→ **DATASET CONTENT**
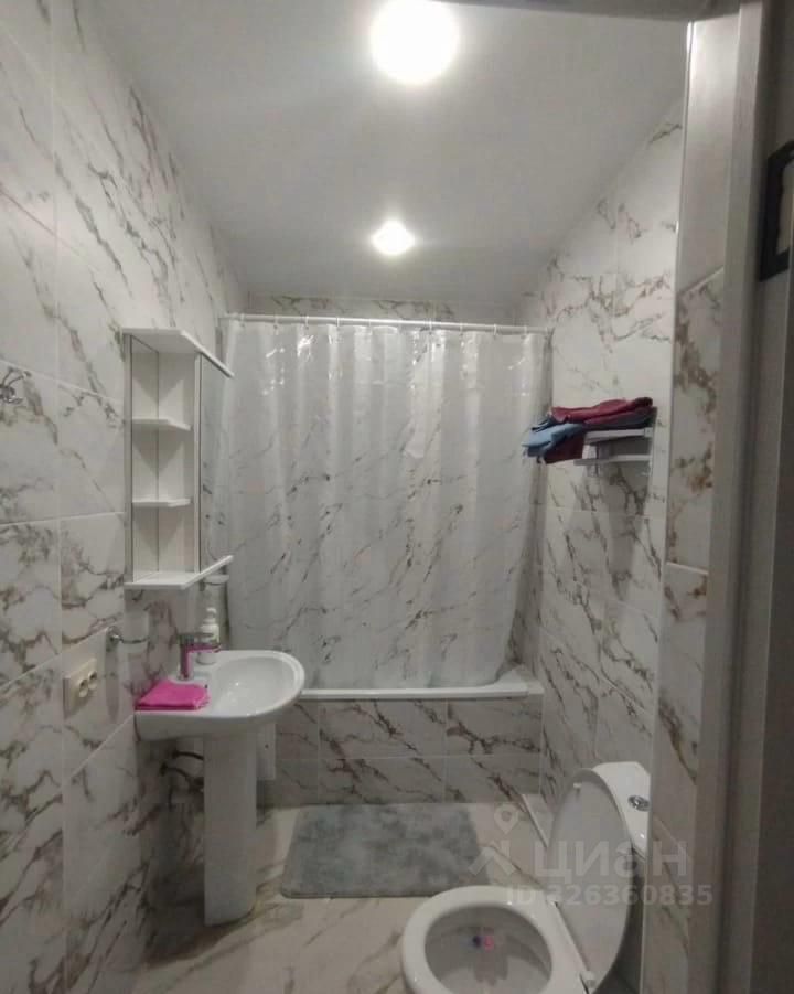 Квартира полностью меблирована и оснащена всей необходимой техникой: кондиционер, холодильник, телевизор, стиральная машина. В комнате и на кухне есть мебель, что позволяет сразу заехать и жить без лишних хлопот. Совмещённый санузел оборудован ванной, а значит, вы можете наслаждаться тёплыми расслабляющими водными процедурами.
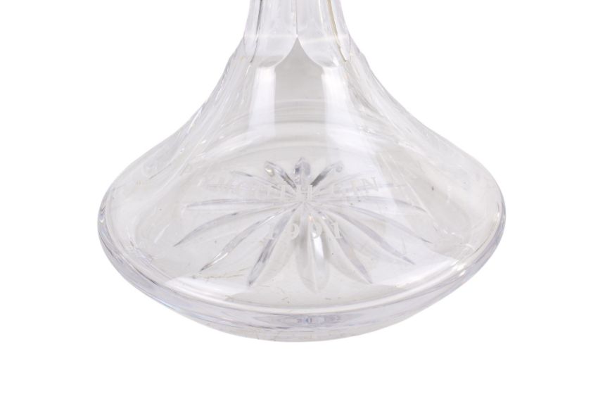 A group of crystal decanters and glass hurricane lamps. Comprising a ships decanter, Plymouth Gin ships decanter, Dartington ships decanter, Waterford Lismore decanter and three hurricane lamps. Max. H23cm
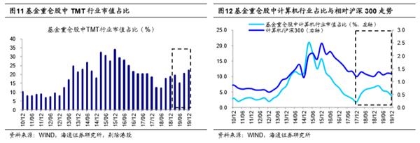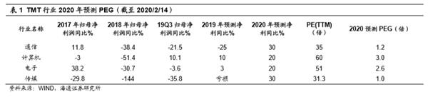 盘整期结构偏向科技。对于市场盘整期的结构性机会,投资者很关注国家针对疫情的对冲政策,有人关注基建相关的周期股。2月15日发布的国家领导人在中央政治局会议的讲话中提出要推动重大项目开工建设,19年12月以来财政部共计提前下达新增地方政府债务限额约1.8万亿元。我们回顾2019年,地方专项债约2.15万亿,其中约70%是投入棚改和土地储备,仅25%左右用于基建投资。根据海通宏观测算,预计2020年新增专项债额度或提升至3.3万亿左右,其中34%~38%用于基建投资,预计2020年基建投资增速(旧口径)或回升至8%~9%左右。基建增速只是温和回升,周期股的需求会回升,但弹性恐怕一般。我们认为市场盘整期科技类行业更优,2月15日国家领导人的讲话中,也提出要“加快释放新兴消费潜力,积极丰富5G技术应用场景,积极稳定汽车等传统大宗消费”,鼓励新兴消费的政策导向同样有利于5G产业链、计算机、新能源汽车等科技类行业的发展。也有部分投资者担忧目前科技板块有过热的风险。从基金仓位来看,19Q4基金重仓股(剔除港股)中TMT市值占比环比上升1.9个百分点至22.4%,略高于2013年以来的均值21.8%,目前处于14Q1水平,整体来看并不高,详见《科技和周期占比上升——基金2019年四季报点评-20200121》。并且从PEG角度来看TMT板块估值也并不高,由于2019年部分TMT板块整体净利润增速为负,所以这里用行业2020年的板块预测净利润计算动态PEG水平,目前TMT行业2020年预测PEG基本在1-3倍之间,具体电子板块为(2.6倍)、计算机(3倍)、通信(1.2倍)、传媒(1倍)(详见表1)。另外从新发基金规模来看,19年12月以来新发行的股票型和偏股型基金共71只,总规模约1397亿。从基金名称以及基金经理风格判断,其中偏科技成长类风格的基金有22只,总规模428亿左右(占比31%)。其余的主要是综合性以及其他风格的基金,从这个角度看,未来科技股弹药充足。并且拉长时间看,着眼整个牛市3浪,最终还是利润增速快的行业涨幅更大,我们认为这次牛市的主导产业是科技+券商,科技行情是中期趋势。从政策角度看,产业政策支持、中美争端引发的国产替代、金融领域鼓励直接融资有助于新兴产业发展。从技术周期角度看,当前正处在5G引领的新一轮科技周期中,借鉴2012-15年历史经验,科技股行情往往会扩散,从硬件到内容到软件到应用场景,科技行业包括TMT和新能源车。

* * *

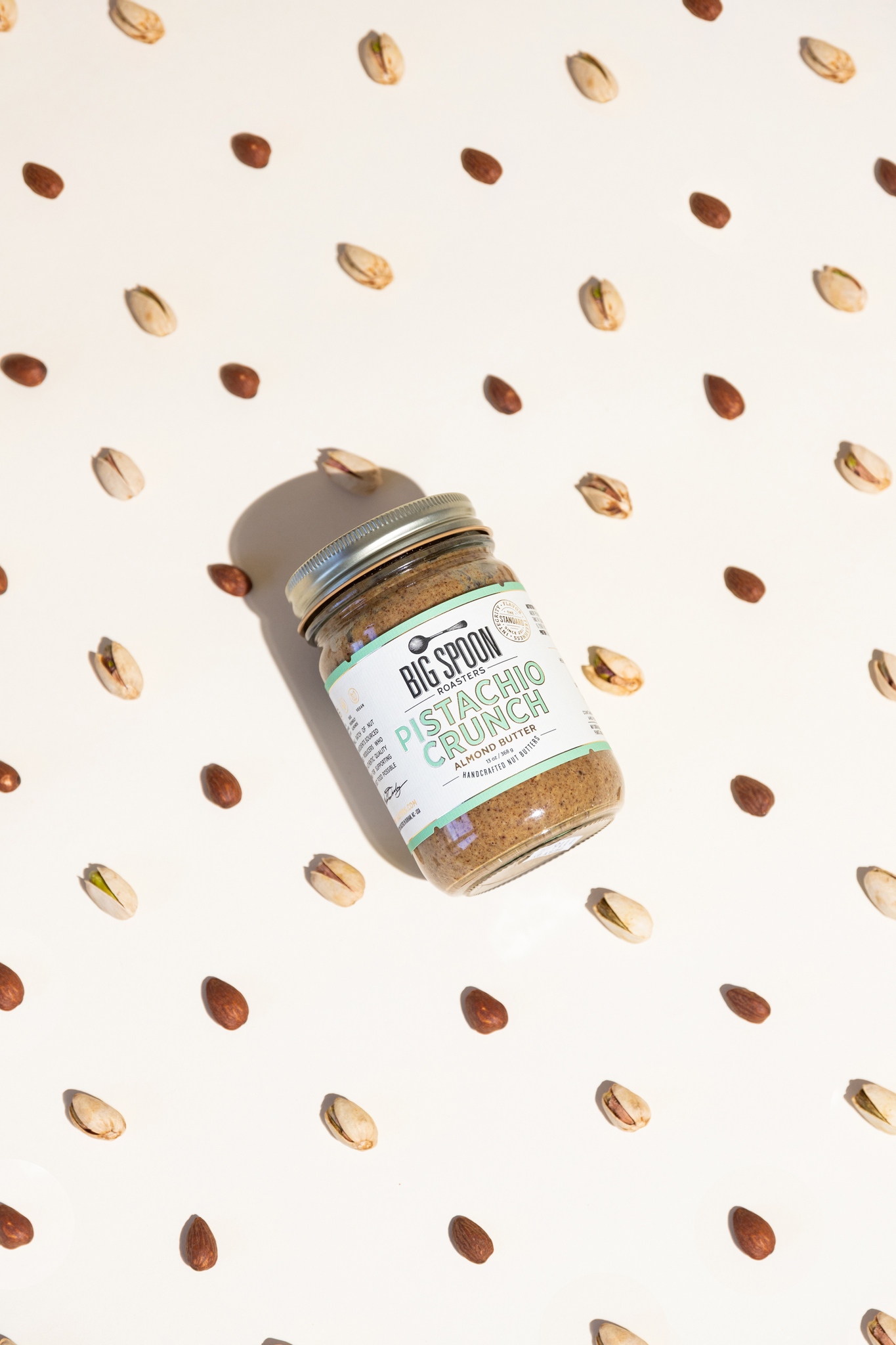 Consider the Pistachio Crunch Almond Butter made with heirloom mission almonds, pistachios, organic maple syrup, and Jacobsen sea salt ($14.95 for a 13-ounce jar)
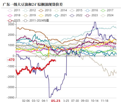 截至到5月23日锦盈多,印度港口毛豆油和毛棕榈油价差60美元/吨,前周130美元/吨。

→ **PROBLEM DETAILS**
Please copy the lines above exactly, starting at the line that holds "Квартира полностью меблирована" and ending at the line that holds "A group of crystal"; include both, but no pictures.

→ **RESULT FOR THIS TASK**
 Квартира полностью меблирована и оснащена всей необходимой техникой: кондиционер, холодильник, телевизор, стиральная машина. В комнате и на кухне есть мебель, что позволяет сразу заехать и жить без лишних хлопот. Совмещённый санузел оборудован ванной, а значит, вы можете наслаждаться тёплыми расслабляющими водными процедурами.
 A group of crystal decanters and glass hurricane lamps. Comprising a ships decanter, Plymouth Gin ships decanter, Dartington ships decanter, Waterford Lismore decanter and three hurricane lamps. Max. H23cm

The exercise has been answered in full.